Set-shifting: A Specific Application of Executive Function


One commonly reported difficulty in psychiatric populations involves set-shifting, the above mentioned process of moving attentional focus between internal objects (Gehring et al., 2003; Garavan, 1998). This may underlie the tendency to ruminate, a symptom commonly reported among psychiatric populations (Treynor et al., 2003). While recent research has suggested that rumination may in fact have adaptive as well as maladaptive aspects, and could represent a method of coping with negative mood (Treynor et al., 2003; Wells & Matthews, 1994), it is often focused on negative affect and seemingly beyond the consciousness control of those who experience it. It thus may represent a failure of executive function. Research into set-shifting has historically employed Card-Sorting (Moritz et al., 2002; Davis & Nolen-Hoeksema, 2000), Trail-Making (Paradisio, Lamberty, Garvey & Robinson, 1997), dichotic listening (Hughdahl et al., 2003), Stroop (Schatzberg et al., 2000) and Dot-Probe (Bradley, Mogg & Lee, 1997) tasks. These, however, have only managed to assess the external domain, in the sense that they examine the capacity of individuals to shift the focus of their attention between various external stimuli.

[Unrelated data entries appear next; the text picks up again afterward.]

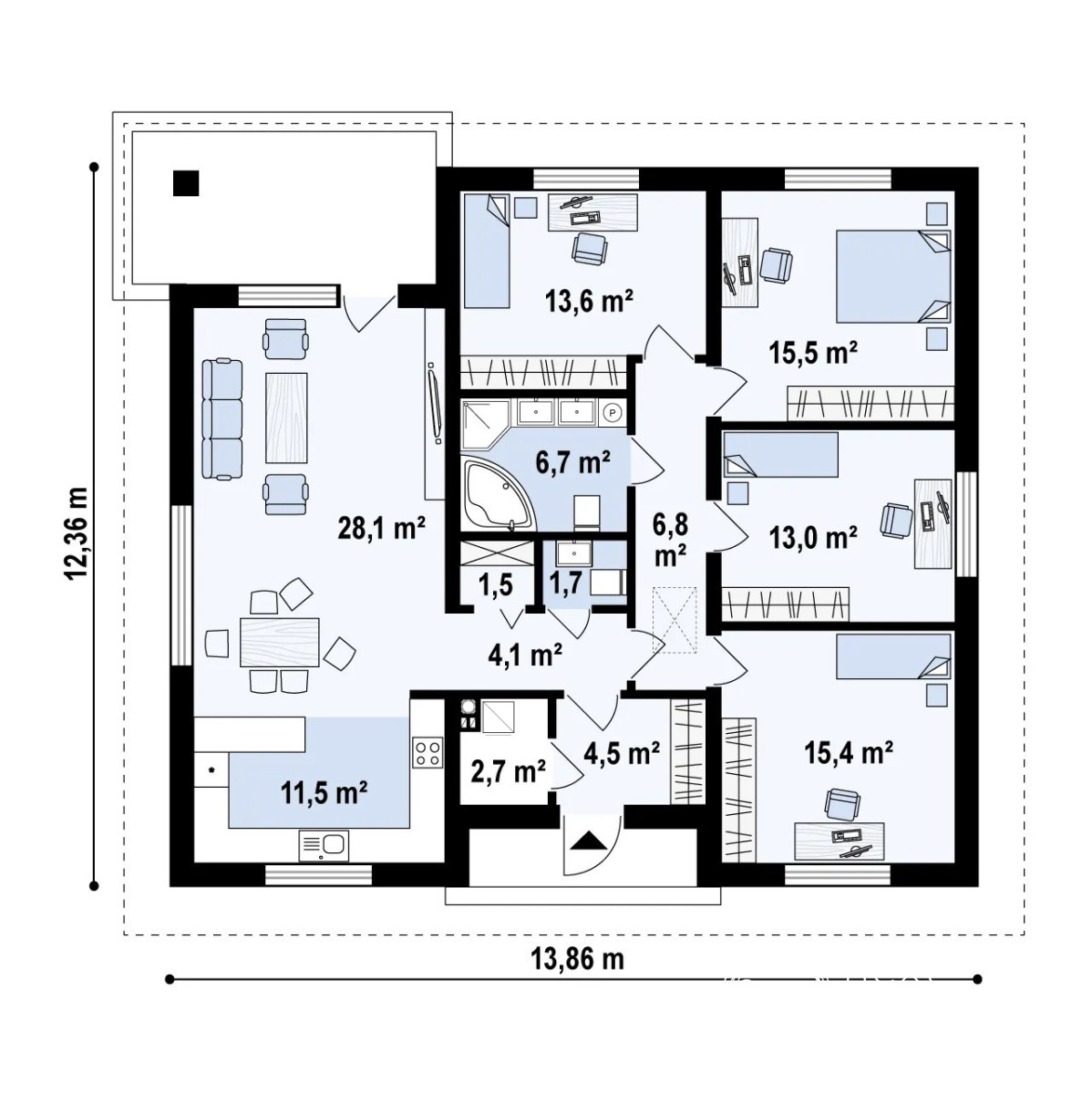 Zapraszam do zapoznania się z ofertą domu PARTEROWEGO, wolnostojącego o powierzchni użytkowej 125,1 m2, na działce o powierzchni około 1000 m2.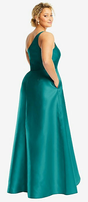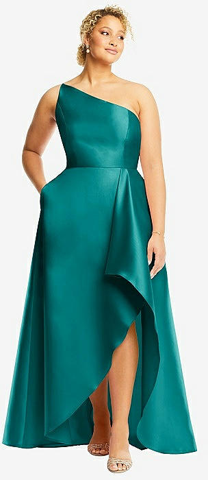 One-Shoulder Satin Gown with Draped Front Slit and Pockets in jade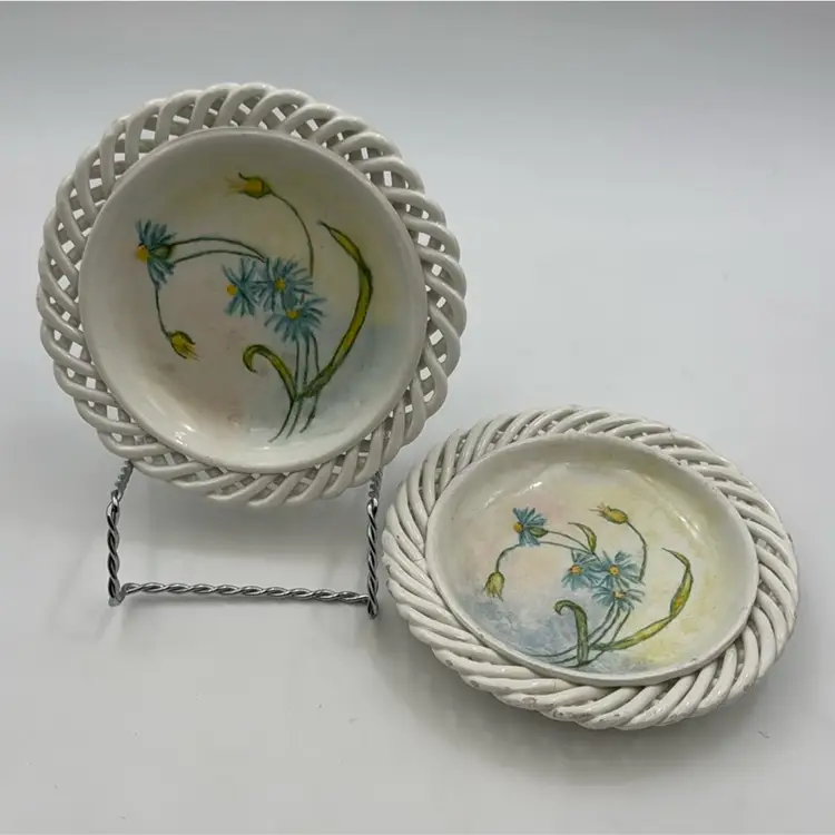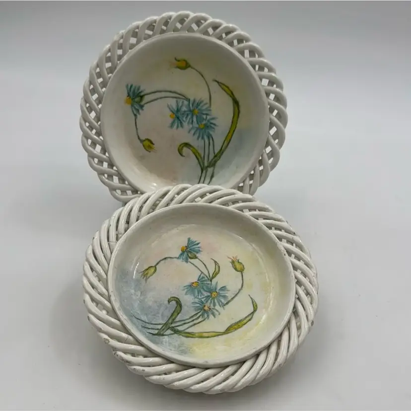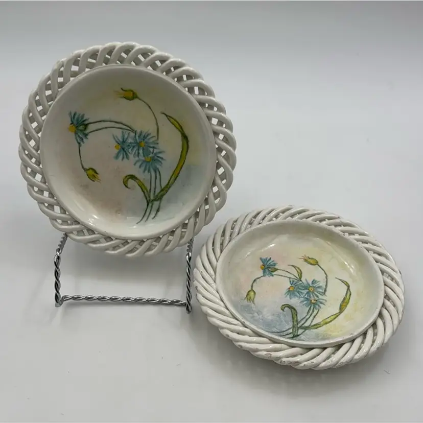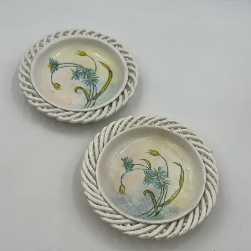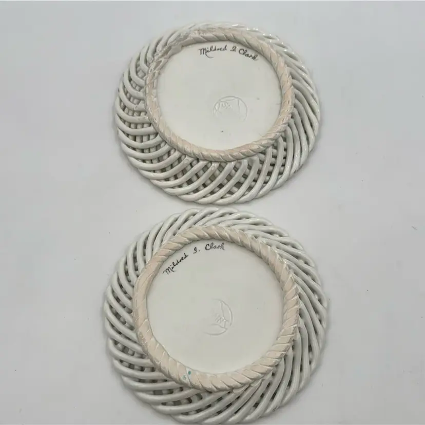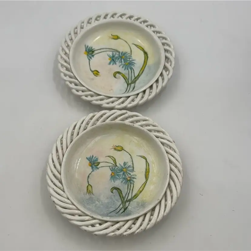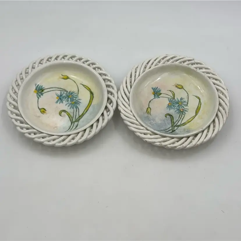 53/4”Round in vintage condition does not take away from the cuteness has some plate ware on one the other one has one plate ware spot.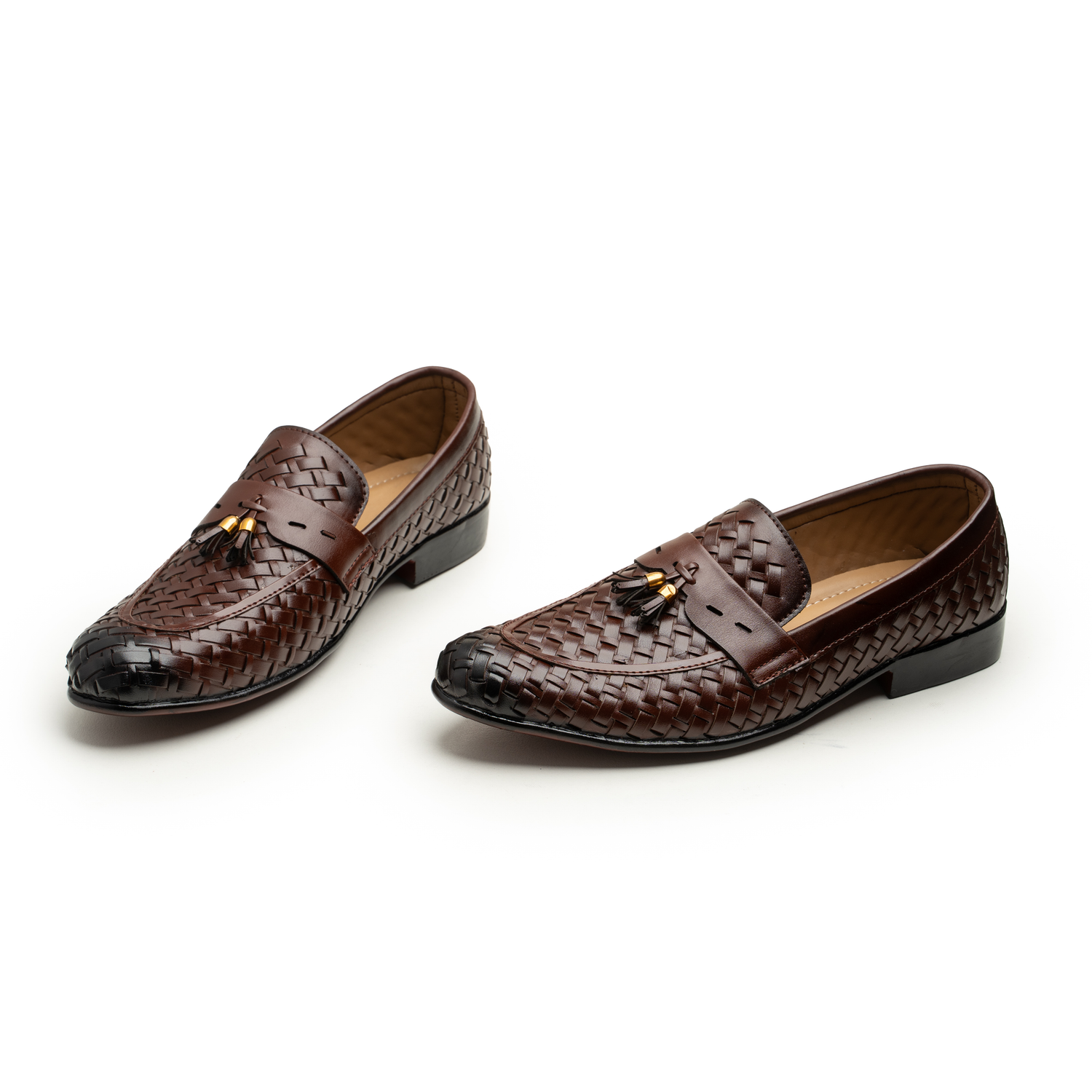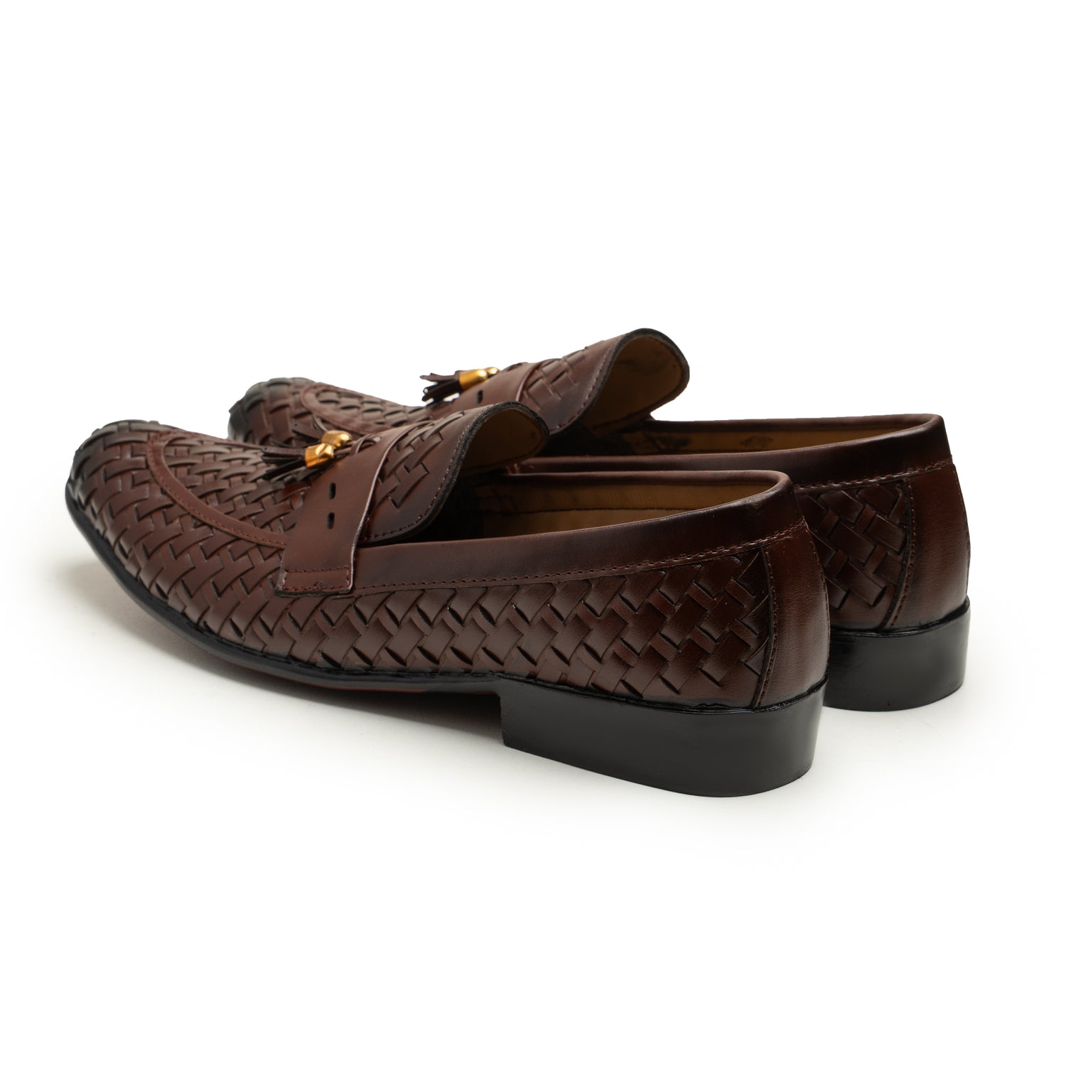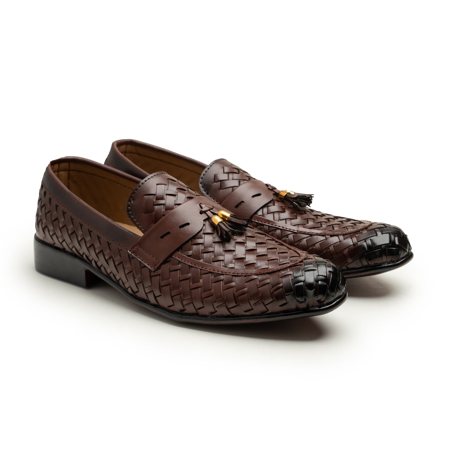 Introducing The Badshah, a shoe that embodies power and elegance. Meticulously handcrafted and hand-woven by WAX DNM, this loafer is a masterpiece of sophisticated design. The rich brown faux leather is intricately woven across the body of the shoe, creating a texture that is both visually stunning and a testament to its premium quality.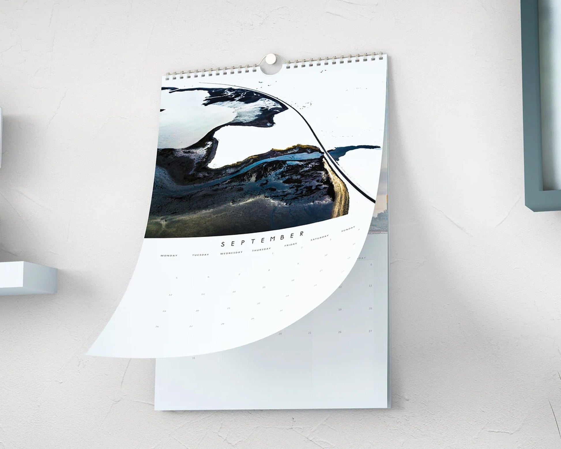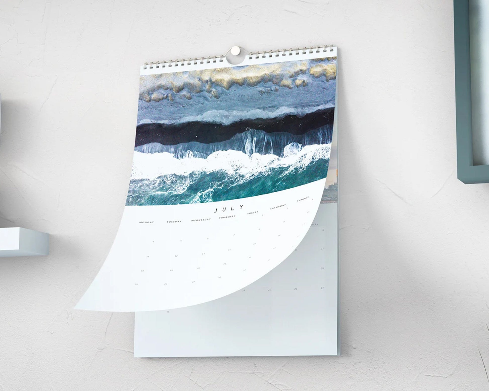 Each month features a wide image (see examples) above our modern, minimalist date template design, which has space for small notes under each date. All of our calendars are made to order and not mass produced.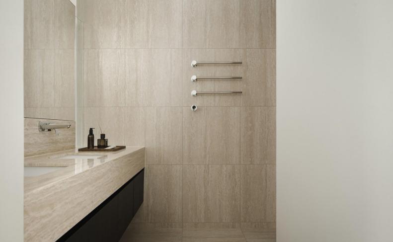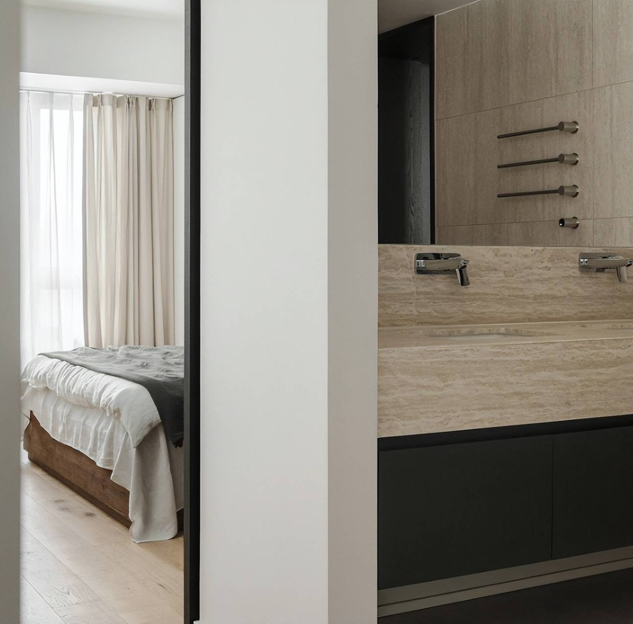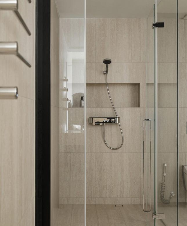 米色大理石的大地与墙面奴颜媚骨,雾化玻璃惩办了秘籍问题,让东谈主在享受糊口的同期,也能领有实足的玄机空间。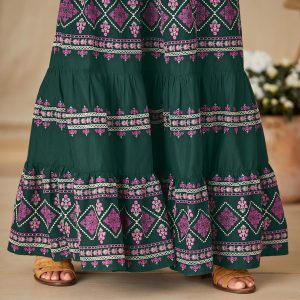 This relaxed skirt is enhanced with geometric embroidery at the waist and at each of the tiers. Side zip. Cotton. Hand wash. Imported. SUNDANCE COLOR. Sizes XS (0-2). S (4-6). M (8-10). L (12-14). XL (20-22). Approx. 41.5L.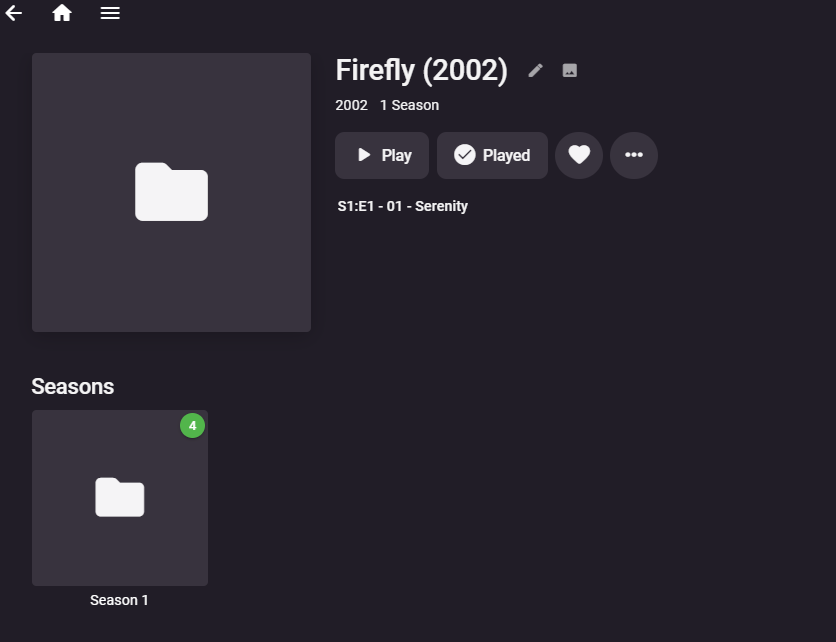 Zelbinian 4 Posted July 2, 2023 Posted July 2, 2023 I've added a few shows to the server now with no issues... until now. For some reason it doesn't like Firefly! Can anyone tell me what I'm doing wrong? Here is what I have done, in order I have named the show the same as I have others that Emby has processed correctly: {TV Folder}/Show Name (Year)/Season #/Ep - Title I attached a screenshot showing the folder/file name structure that also captures the files from another show that Emby correctly processed. I have also attached what the result is in Emby After it didn't upload automatically, I manually linked TheTVDB. When That didn't work, I also manually linked IMDb and a few others. I manually requested Emby refresh the metadata (including allowing it to replace pictures) I would attach a log but Emby did not seem to create one after I requested the metadata refresh.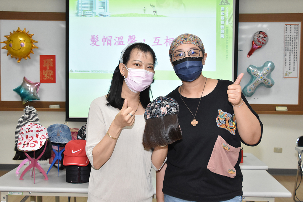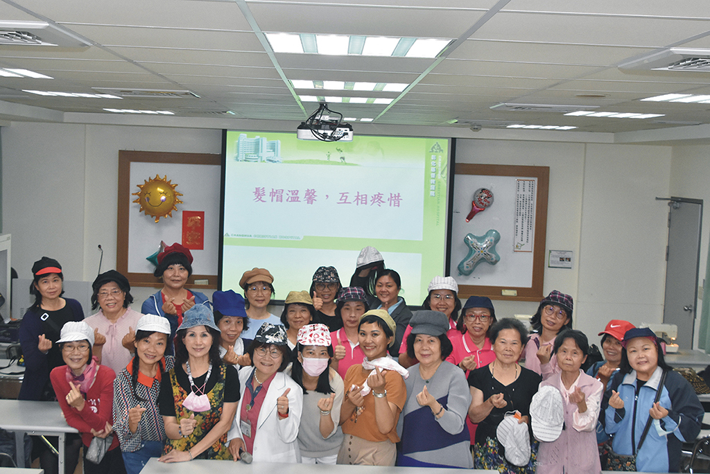彰基社區健康促進組舉辦「全國髮帽工作坊」傳承技藝課程,讓阿香為延續愛與幫助癌友的使命圓夢。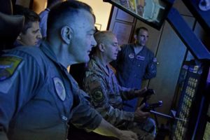 U.S. Air Force Gen. Jeffrey L. Harrigian, U.S. Air Forces in Europe-Air Forces Africa commander, operates a C-130H aircraft simulator, at Elefsis Air Base, Greece, May 15. Members of the Hellenic air force’s 356th MTM (Tactical Transport Squadron) provided Harrigian the opportunity to use their simulator during a brief visit he made to members of the 86th Airlift Wing who were participating in Exercise Stolen Cerberus VI, an annual bilateral training event which included three C-130J Super Hercules aircraft and Greek C-130H Hercules aircraft. Harrigian is a command pilot with more than 4,100 hours in the F-15C, F-22, A/OA-37 and MQ-1 aircraft.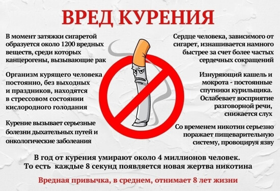 Курение вредно для подростков из-за физиологических особенностей ещё незрелого организма. Токсины табачного дыма действуют на подростков сильнее, чем на взрослого человека, поскольку тело ещё не до конца сформировано. |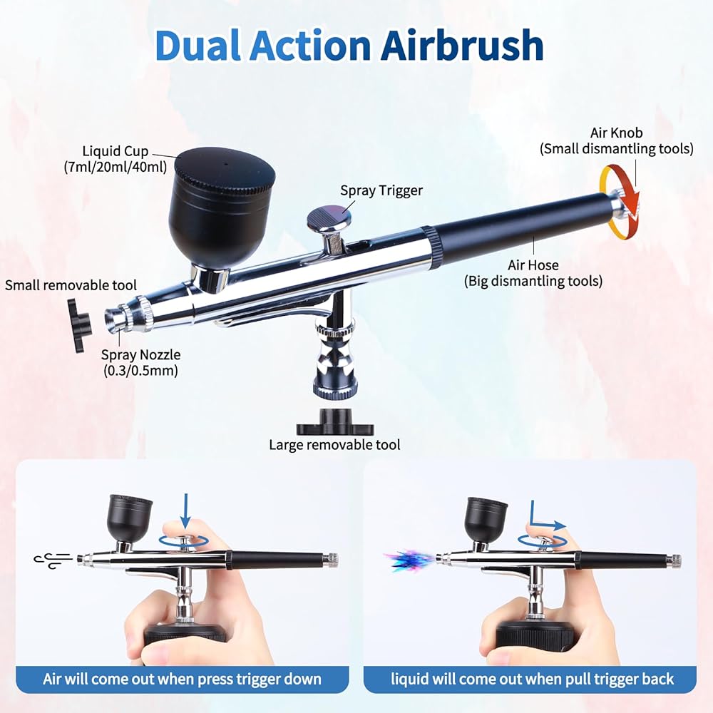 [مجموعة بخاخة مزدوجة الحركة مع ضاغط] فرشاة هوائية مزدوجة الحركة عالية الأداء من إيزي 2 إتش دي، لا يمكنك فقط التحكم في السائل من خلال نهاية المسدس، ولكن يمكنك أيضًا التحكم في كمية الطلاء والهواء من خلال الزناد الموجود على البخاخة مما يوفر تدفق أكثر سلاسة واستقرارًا للطلاء. فوهة الهواء 0.3 / 0.5 مم يمكن أن تلبي احتياجاتك للخطوط الدقيقة والعمل بمساحة كبيرة. عند استلام المنتج، قم بتوصيل البخاخة بالضاغط قبل استخدامه

The above mentioned research by Garavan (1998) and Gehring and colleagues (2003) expanded this line of investigation to incorporate the internal domain. They found evidence of switching effects, suggesting that executive function is a limited capacity system also when focusing on internal representations. Research by Murphy and colleagues (1999) has further suggested that this switching effect becomes even more pronounced when it includes affective material. In this study, which utilised a go/no-go task designed to assay internal attentional-shifting, manic and depressed patients responded to target words of either positive or negative affective tone while inhibiting responses to words from the other affective category. Both groups demonstrated response biases for emotional stimuli: depressed patients for "sad" words, and manic patients for "happy" words. This suggests that emotive or personally-relevant information may pose an increased challenge to attentional control, presumably because it initiates processing at a deeper semantic level. From this perspective, rumination, worry, and related phenomena may reflect a particular difficulty with set-shifting in the internal domain of executive function. This may reflect a disorder of executive function fundamentally different to those that pertain to the external domain, such as attention-deficit disorder. The former arguably represent a self-focus, while the latter reflect an environmental one. Rumination, depression and anxiety may all be related to dysfunction in this internal domain. This is in fact supported by evidence which links these disorders to high levels of self-consciousness (Brown & Ryan, 2003; Treynor et al., 2003).